Here are a couple of pieces we thought we'd share:
In Common By River Wolton
"We are far more united and have far more in common with each other than things that divide us." Jo Cox
In common - first breath, last, a pulse - put your fingers here on my throat where each beat's felt. Strangers or enemies we breathe each other's air and then the trees will keep on breathing when we've left.
Four billion years since that first chemical reaction in the mud, and still we share some DNA
with all that moves, is sensitive, takes in, gives out.
So un-unique our flinch or flight from threat, the restless mix of wanting and not wanting to arrive, to sit in peace. In common - stomach's churn, the pull of dread,
hate's easy reflex, the urge to say 'Them. Us'
And yet our fierce capacity to break at children's deaths, to fling ourselves at life, raise millions in an hour, to run, to run, to give up everything we have for what we love.
A Catching Smile By S A Leavesley
Imagine your smile is a scrap
of part - written paper blown
petal-wet through splattered streets,
somersaulted across gardens,
dodging white washing,
hurdling a valerian pink froth,
past phone-plugged teenagers,
a slow-paced woman in bouffant hair,
the suited man with garlic face...
brought to rest by a twig-snatch,
slapped to stillness against glass
or trapped in a harried crowd.
Catching it, a down-hearted stranger
drowning in a sea of frowns,
smooths out tired creases
and uses it to make a boat.
What are your messages of hope and peace?
This week's quiz - (Answers will be revealed tomorrow)
1. In the 60s Queen Elizabeth II dedicated an acre of ground in memory of which American President?

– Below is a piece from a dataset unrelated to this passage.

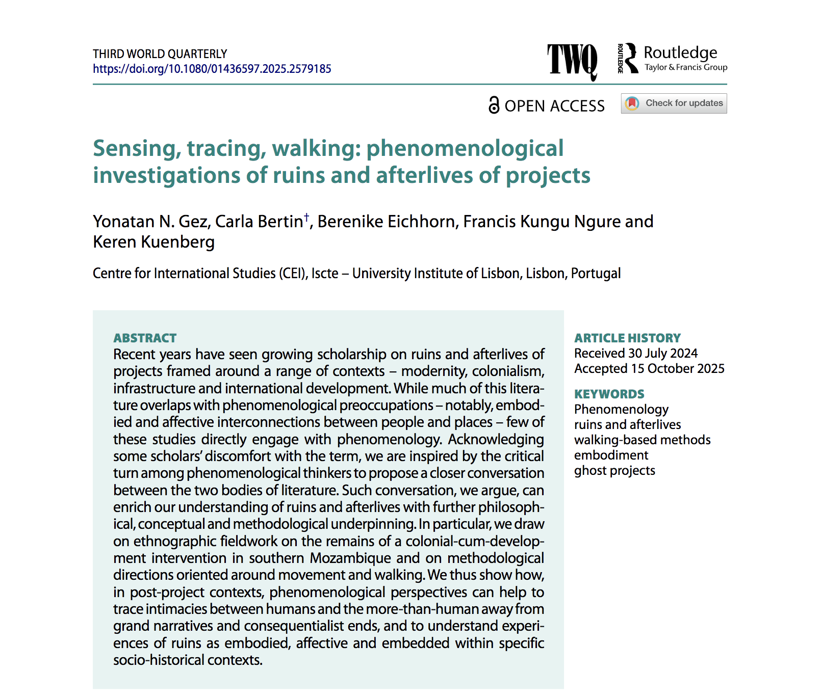 Our new article in the journal Third World Quarterly is out. It brings phenomenology into conversation with research on ruins and afterlives of development, drawing on fieldwork in southern Mozambique. We explore how embodied and affective encounters with post-project places can deepen understandings of their socio-historical and more-than-human dynamics.

2. Tom Whittaker was the first man to climb Everest in what circumstances?
3. Picasso moved to Paris in 1901 but where was he born?

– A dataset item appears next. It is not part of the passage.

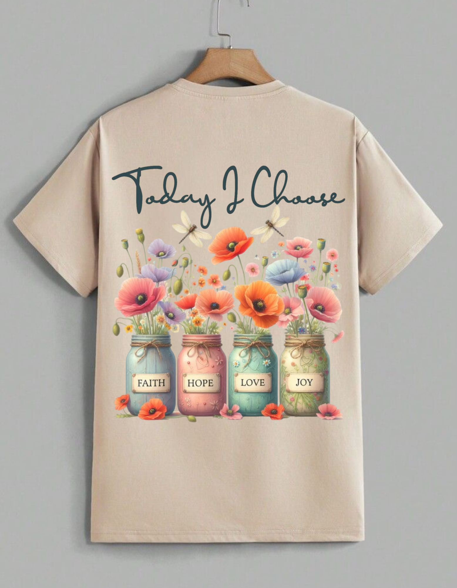 ✅ Design: Back graphic featuring Four Flower Jars labeled with FAITH, HOPE, LOVE, JOY and "Today I Choose" text

4. Who became the first woman Prime Minister of an Islamic nation?
5. Who described his paintings as "hand-painted dream photographs?
6. What was the name of the first animal to be launched into space and in which year?
7. What is Aphra Behn famous for?
8. Where was Germaine Greer born and in which year?
9. When was Mikhail Gorbachev leader of the Soviet Union?
10. In which country was Mother Teresa born?
11. What was the name of a young illiterate pheasant girl who lead an army?
12. Who won a Nobel Prize for both Chemistry and Physics?
13. What was William Wilberforce most famous for?
14. What has Tim Berners-Lee invented?
15. Which female heroine has hospitals named after her?
Star studded skies -
With transport networks all over the world grounding to a halt due to lockdown measures, there has been a significant drop in carbon emissions triggering some positive changes to the environment. Waters in Venice canals and skies over air polluted cities such as China and India have cleared. Photographers have been taking advantage of these new night skies and have been enjoying capturing star trails due to there being no interruption from air traffic.
Star trails are the streaks of light left by stars as the earth rotates, and the results are stunning. Here are some images shared by the Independent Newspaper yesterday. Both images were taken in Hampshire; the second was taken before lockdown and highlights how air traffic can cause a visual distraction.
Today's events -
For another heart-warming tribute to our healthcare heroes working on the frontline, clap for carers returns tonight at 8pm.
Lean from your window, stand on your doorstep, go out into the street, your garden or balcony and join the nation to celebrate and thank our key workers.
National Theatre Live -
Don't forget, National Theatre are streaming their first free production on YouTube tonight. One Man, Two Guvnors premieres at 7pm.